*** Begin section ***

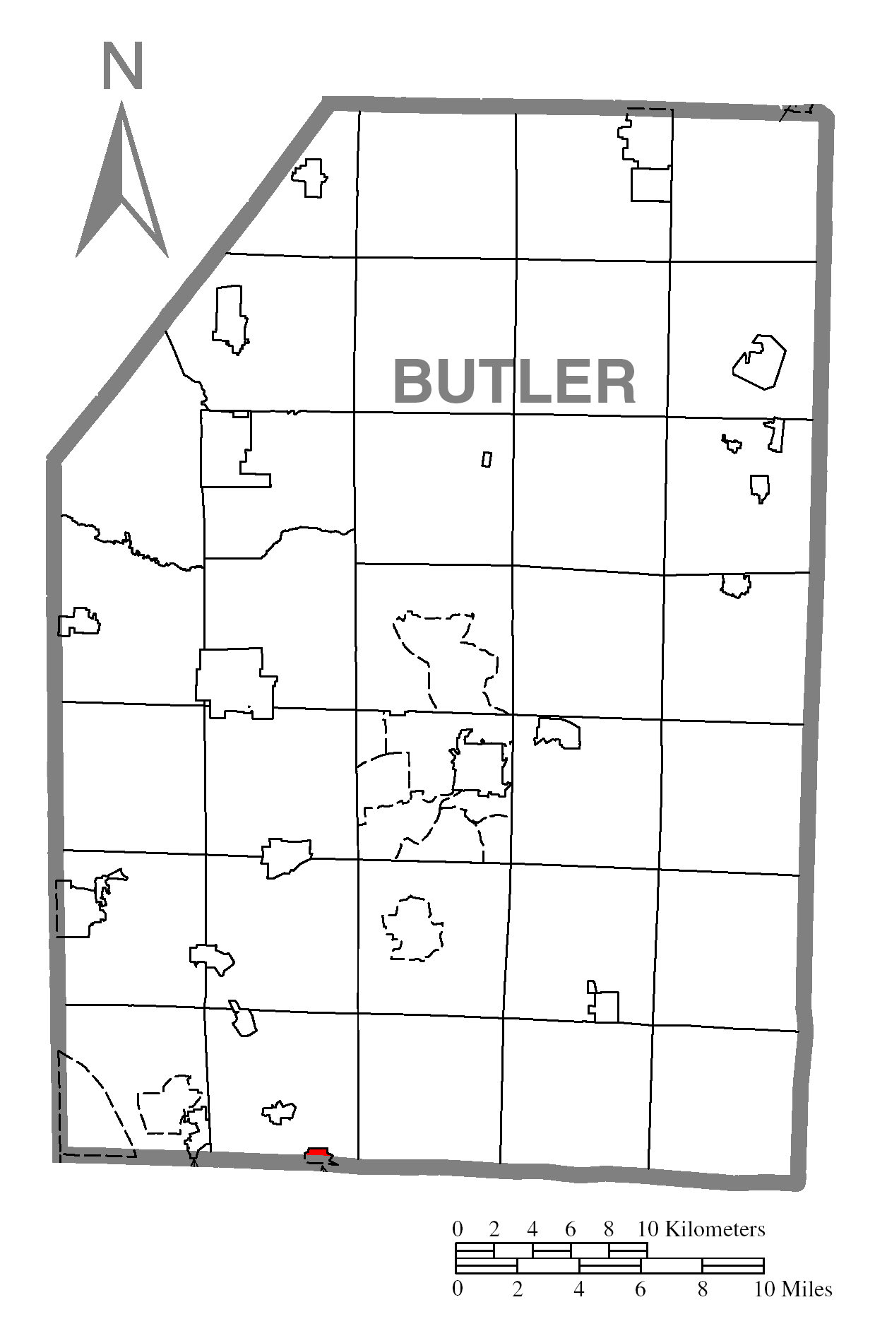 A map of Butler County showing Valencia, Pennsylvania (alternate) highlighted on the map.
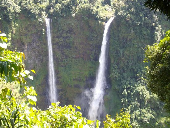 Tad Fan waterfall is situated in the Bolaven Plateau. The water drops about 120m. ລາວ: ຕາດຟານ
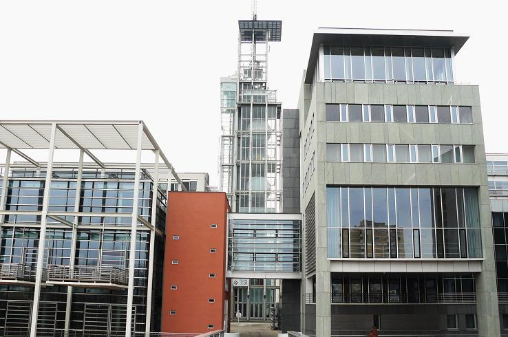 Klangturm in Sankt Pölten.
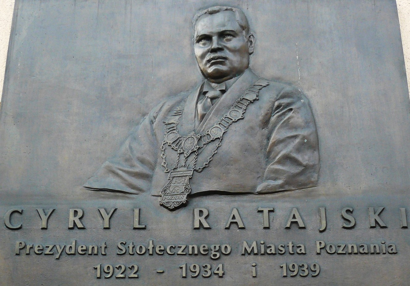 Table of Cyryl Ratajski - Poznan, C.Ratajski Place.

*** End section ***

Recopy the whole listing above precisely, excluding images.

#### [Answer to this task]
 A map of Butler County showing Valencia, Pennsylvania (alternate) highlighted on the map.
 Tad Fan waterfall is situated in the Bolaven Plateau. The water drops about 120m. ລາວ: ຕາດຟານ
 Klangturm in Sankt Pölten.
 Table of Cyryl Ratajski - Poznan, C.Ratajski Place.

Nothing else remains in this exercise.